### Task prompt:
All of the data should be output character for character, except the pictures.

### Input material:
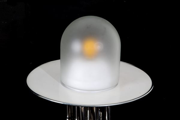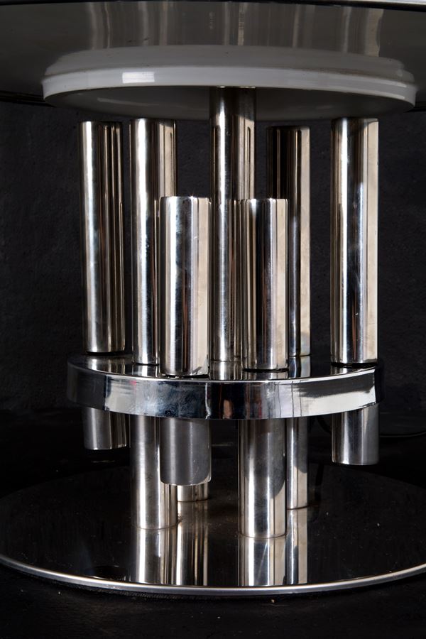 Ufo table lamp with chromed steel tubes, plastic disc and satin glass shade. Italian manufacture. 70's.
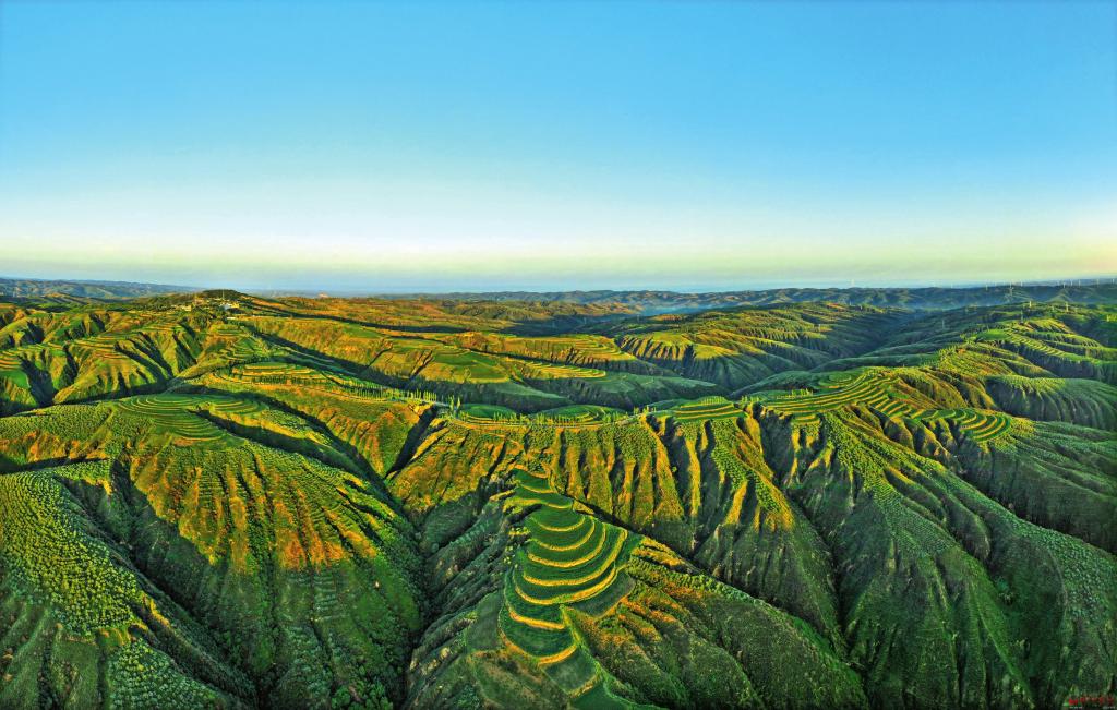 站在趙家溝的山頂看日出是一件賞心悅目的事情。8月4日早晨,當(dāng)朝陽從東方的山巒噴薄而出,在萬丈霞光的映照下,莽原織繡,梁峁吐翠,田疇如畫,生機(jī)勃發(fā)。居高臨下看到的夏日晉北高原美景妙不可言,使人陶醉。
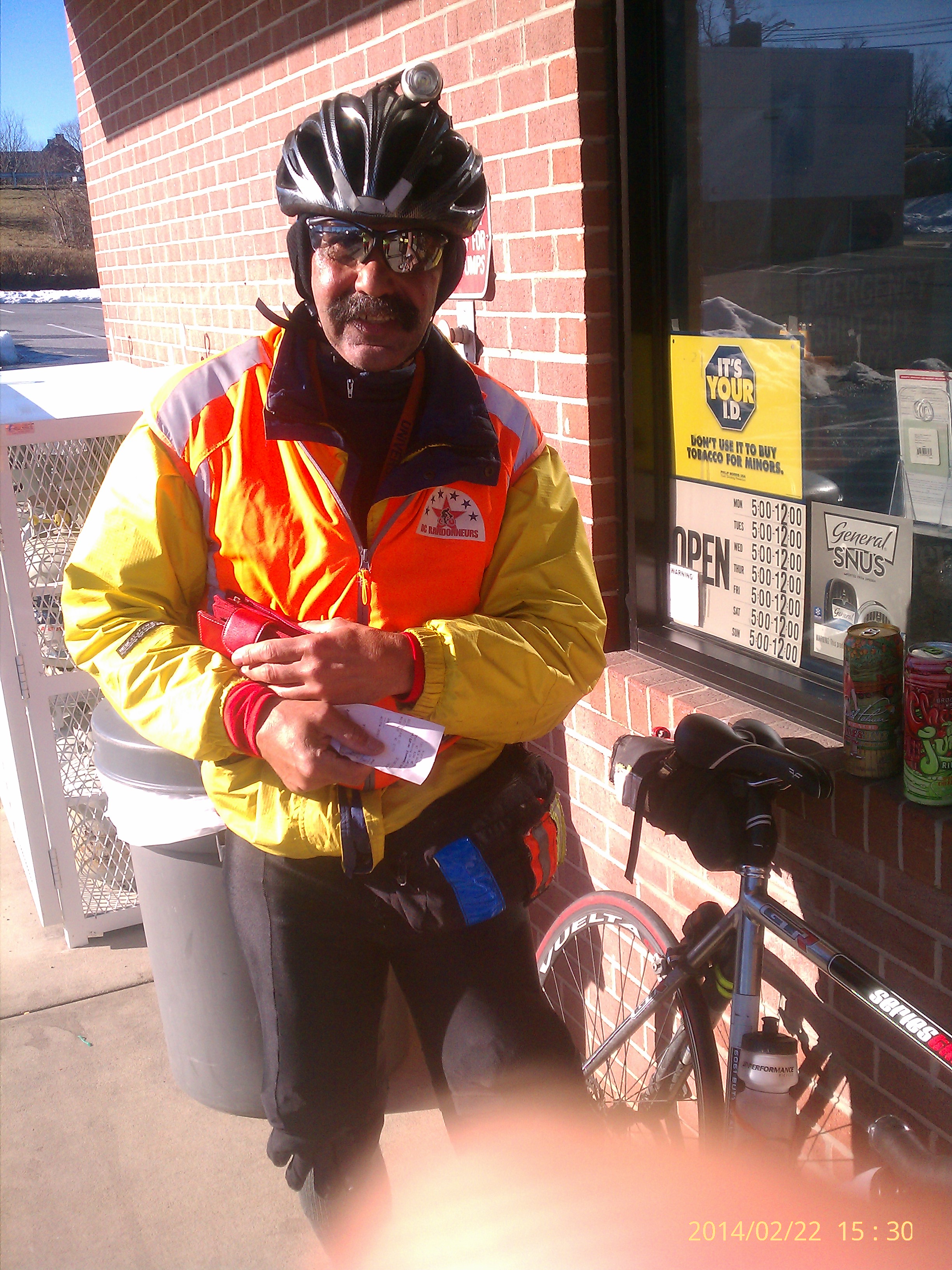 There were not many other cyclist on the road. I passed a man who appeared to be a randonneur as well , greeted him and continue pedaling. Few miles later I was in Mt. Airy. My next control was there at Highs Shell. I got batteries for my GPS and Snickers Ice Cream – suggested by a fellow randonneur from Bulgaria. He actually posted it in Facebook in responce to one of the photos I published during the ride. He did not explain to me how ice cream is helping in endurance events, but it sure taste good :) On my way out of Shell I bumped second time into that fellow rider I met few miles back. Now I noticed that he had a DC Randonneurs logo on his Vest. His name was Rudy and he was also doing a 200km brevet . Such a coincidence! We took pictures of each-other , shaked hands , exchanged few words of encouragement and continued with our endeavors.
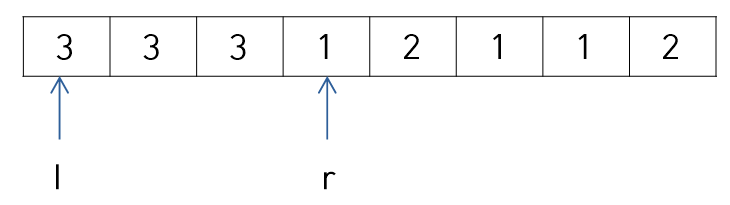인덱스를 가리키는 변수 l(왼쪽), r(오른쪽)을 둔다.
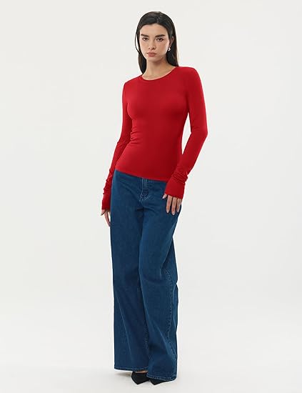Women's Long Sleeve Shirts Merino Wool Blend Crew Neck Tops
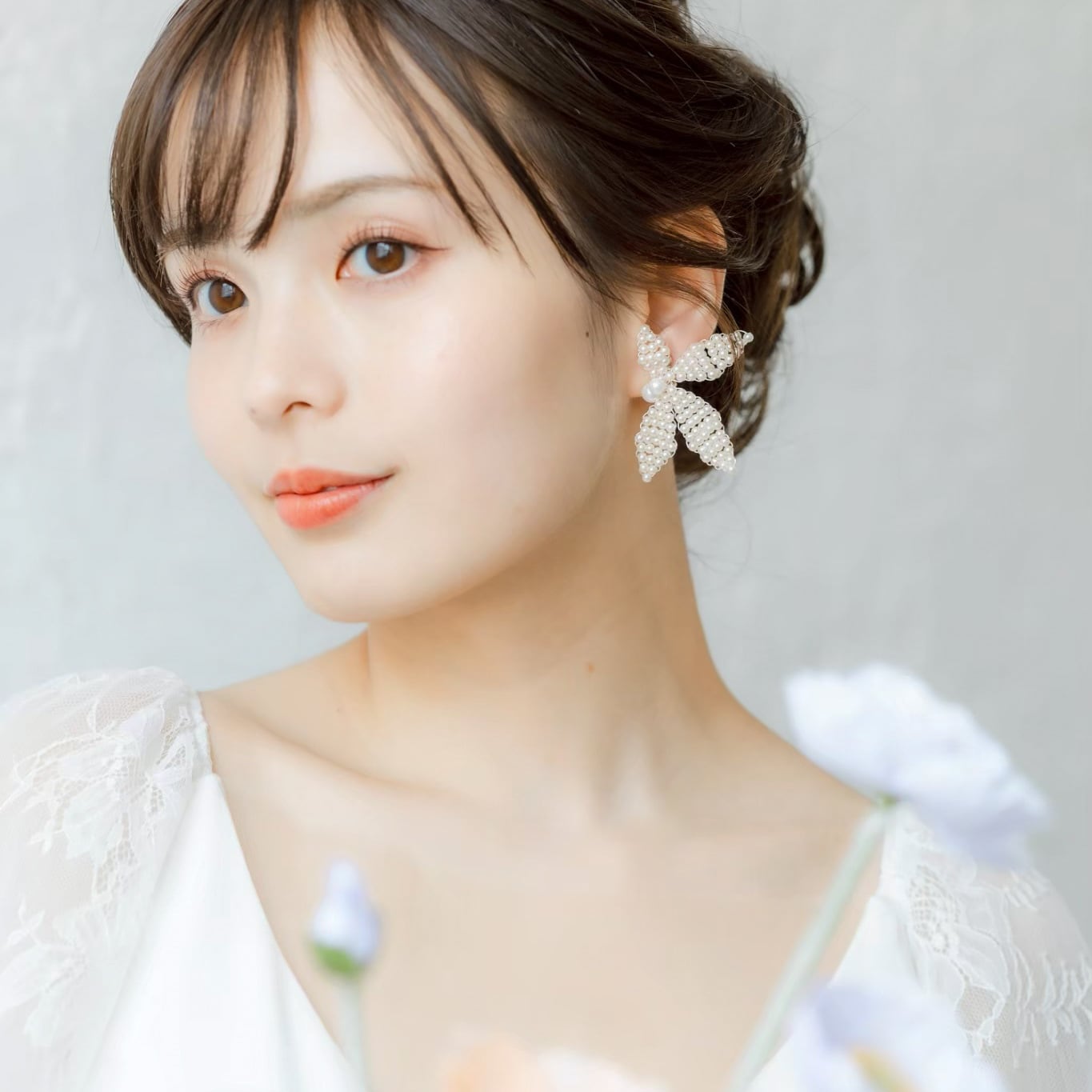 耳元で華やかに咲く花のように、結婚式や前撮りの特別な一日を彩ります。
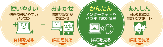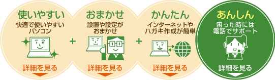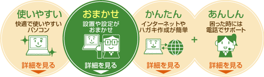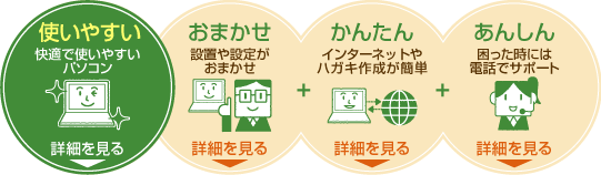 - 「パソコンをはじめて利用する」「あまり利用したことがない」というお客様でも、簡単に使い始めることができます。
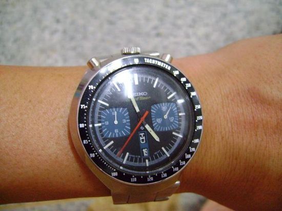 สุดยอดนาฬิกาจับเวลา chonograph ของ seiko ต้องนี่เลยครับ seikoมดดำหรือ Seiko Bull Head Chronograph 1970s นาฬิกาจับเวลาอมตะยอดนิยมตลอดกาลของไซโก้ ฝรั่งเรียก Bull Head หรือ Mickey Mouse แต่คนไทยเรียก มดดำ มดแดง ลักษณะเด่นของรุ่นนี้คือ ปุ่มจับเวลา และเม็ดมะยมอยู่ด้านบนตัวเรือน ในจำนวนนาฬิกาจับเวลาของไซโก้รุ่นนี้ถือว่านิยมที่สุดครับ
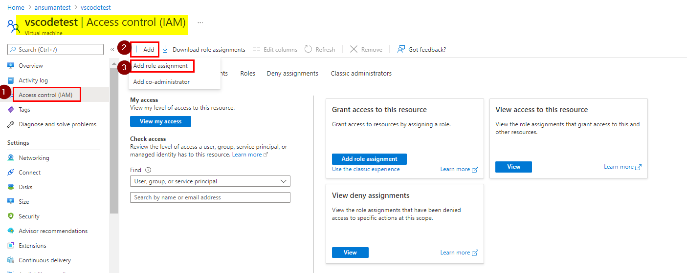 分配角色,你可以去VM in Portal >> Access Control(IAM)>>add role assignment>> select VM admin login /VM user login >> add the users and assign。
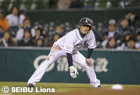 1点リードされたライオンズは3回裏無死、片岡選手がレフト前安打で出塁すると、 いきなり二盗、三盗。3番栗山選手の遊ゴロであっさり生還して同点、さらに逆転の口火となった。
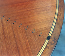 Walker's table establishes certain features that he will continue to use in future dining tables. Each one will have beautifully decorated surface created by sequential band-saw cuts of unusually thick veneer. The advantage of this veneer process is that it allows the best use of the most beautiful wood but, by being unusually thick, (1/8”), it also provides opportunity to refinish a daily used surface without fear of going through a delicate veneer.

### Completed exercise:
 Ufo table lamp with chromed steel tubes, plastic disc and satin glass shade. Italian manufacture. 70's.
 站在趙家溝的山頂看日出是一件賞心悅目的事情。8月4日早晨,當(dāng)朝陽從東方的山巒噴薄而出,在萬丈霞光的映照下,莽原織繡,梁峁吐翠,田疇如畫,生機(jī)勃發(fā)。居高臨下看到的夏日晉北高原美景妙不可言,使人陶醉。
 There were not many other cyclist on the road. I passed a man who appeared to be a randonneur as well , greeted him and continue pedaling. Few miles later I was in Mt. Airy. My next control was there at Highs Shell. I got batteries for my GPS and Snickers Ice Cream – suggested by a fellow randonneur from Bulgaria. He actually posted it in Facebook in responce to one of the photos I published during the ride. He did not explain to me how ice cream is helping in endurance events, but it sure taste good :) On my way out of Shell I bumped second time into that fellow rider I met few miles back. Now I noticed that he had a DC Randonneurs logo on his Vest. His name was Rudy and he was also doing a 200km brevet . Such a coincidence! We took pictures of each-other , shaked hands , exchanged few words of encouragement and continued with our endeavors.
인덱스를 가리키는 변수 l(왼쪽), r(오른쪽)을 둔다.
Women's Long Sleeve Shirts Merino Wool Blend Crew Neck Tops
 耳元で華やかに咲く花のように、結婚式や前撮りの特別な一日を彩ります。
 - 「パソコンをはじめて利用する」「あまり利用したことがない」というお客様でも、簡単に使い始めることができます。
 สุดยอดนาฬิกาจับเวลา chonograph ของ seiko ต้องนี่เลยครับ seikoมดดำหรือ Seiko Bull Head Chronograph 1970s นาฬิกาจับเวลาอมตะยอดนิยมตลอดกาลของไซโก้ ฝรั่งเรียก Bull Head หรือ Mickey Mouse แต่คนไทยเรียก มดดำ มดแดง ลักษณะเด่นของรุ่นนี้คือ ปุ่มจับเวลา และเม็ดมะยมอยู่ด้านบนตัวเรือน ในจำนวนนาฬิกาจับเวลาของไซโก้รุ่นนี้ถือว่านิยมที่สุดครับ
 分配角色,你可以去VM in Portal >> Access Control(IAM)>>add role assignment>> select VM admin login /VM user login >> add the users and assign。
 1点リードされたライオンズは3回裏無死、片岡選手がレフト前安打で出塁すると、 いきなり二盗、三盗。3番栗山選手の遊ゴロであっさり生還して同点、さらに逆転の口火となった。
 Walker's table establishes certain features that he will continue to use in future dining tables. Each one will have beautifully decorated surface created by sequential band-saw cuts of unusually thick veneer. The advantage of this veneer process is that it allows the best use of the most beautiful wood but, by being unusually thick, (1/8”), it also provides opportunity to refinish a daily used surface without fear of going through a delicate veneer.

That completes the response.